I have a strong preference for bikes that have real braze-ons so I have maximum versatility with rack and fender selection. I prefer to choose the rack and fender set based on their performance attributes, rather than solely on whether they will fit my bike. Too many carbon and aluminum bikes have been eliminating the full complement of braze-ons, so that kinda pushes folks into older/cheaper alu bikes or into a steel bike, most of which have a full set of braze ons and eyelets. 

My last commuter required me to share the rear eyelets with the fender AND the rack with longer bolts, and I just didn't like the interface much. I'm trying to order a Vaya frameset from my LBS. I missed getting the last 2013 by less than a day, so now I've gotta wait for the 2014 framesets to become available. I know a guy with an older Vaya and he absolutely loves the bike. He is completely carless and uses it as his sole transportation.


----------



## jhmeathead (Apr 15, 2013)

Thats another thing im wondering.
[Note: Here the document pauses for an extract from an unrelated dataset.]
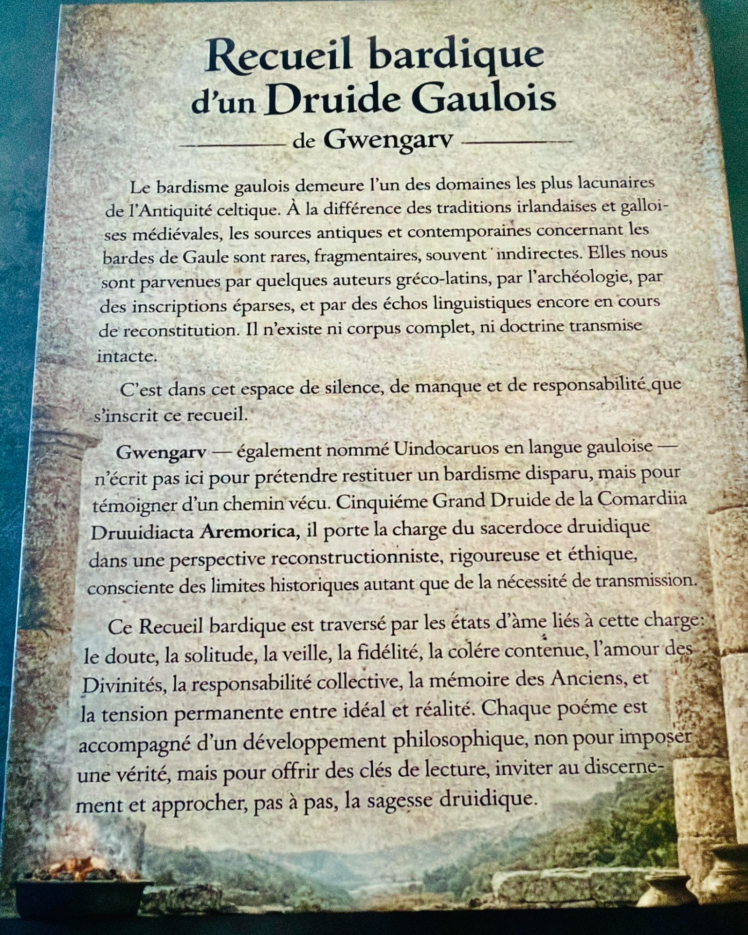 Ce livre s'inscrit dans une démarche de transmission, nourrie par l'étude, l'expérience, la poésie et le respect de l'héritage celtique. Dans un domaine encore fragmentaire, il ne prétend pas reconstituer un passé perdu, mais proposer une parole sincère, enracinée et réfléchie.

I live in Utah so winters will have snow. How is carbon in the cold weather?

Ive looked at the Vaya and the 2 is a bit out of my range pricewise and i didnt like the shifters on the 3.

I can probably find somethingt really nice used but ive been saving for almost a year So id prefer something new.

Whats yalls opinion on the Awol?
Steel frame able to fit 29x2.1's. How is the group set?

Specialized Bicycle Components

http://specialized.scene7.com/is/image/Specialized/64578?$Large$


----------



## AZ (Apr 14, 2009)

jhmeathead said:


> Thats another thing im wondering. I live in Utah so winters will have snow. How is carbon in the cold weather?
> 
> Ive looked at the Vaya and the 2 is a bit out of my range pricewise and i didnt like the shifters on the 3.
> 
> ...


No worries about Carbon in cold climates, carbon is regularly flown in temps. far below any temps. that you would expose it too.

I'd do a build on the AWOL frame set.


----------



## big_papa_nuts (Mar 29, 2010)

If you look closely at the Gaint disc rack you can see two holes in the center for use with a single center strut. You would simply use the single hole in the frame for the strut. Other racks can be found that will work but usually designers only go as far as to make frames work with their parts.


----------



## jrm (Jan 12, 2004)

It looks like a 40 will clear the fork but i dont know about the stays..maybe a 35-37? I'd love to know 1) how much it weighs and 2) if its available as a frameset


----------



## newfangled (Sep 13, 2010)

That giant looks way too pretty for a rack.

I say this as someone who happily has racks on all my bikes, but they definitely add a certain jeepy or tankish aesthetic to the build. Every so often someone posts a beautiful old road frame, and I think that I should get one of those. And then I realize that I'd just stick a rack on it, which would be a crime. 

The awol and crossrip look much more rackable.


----------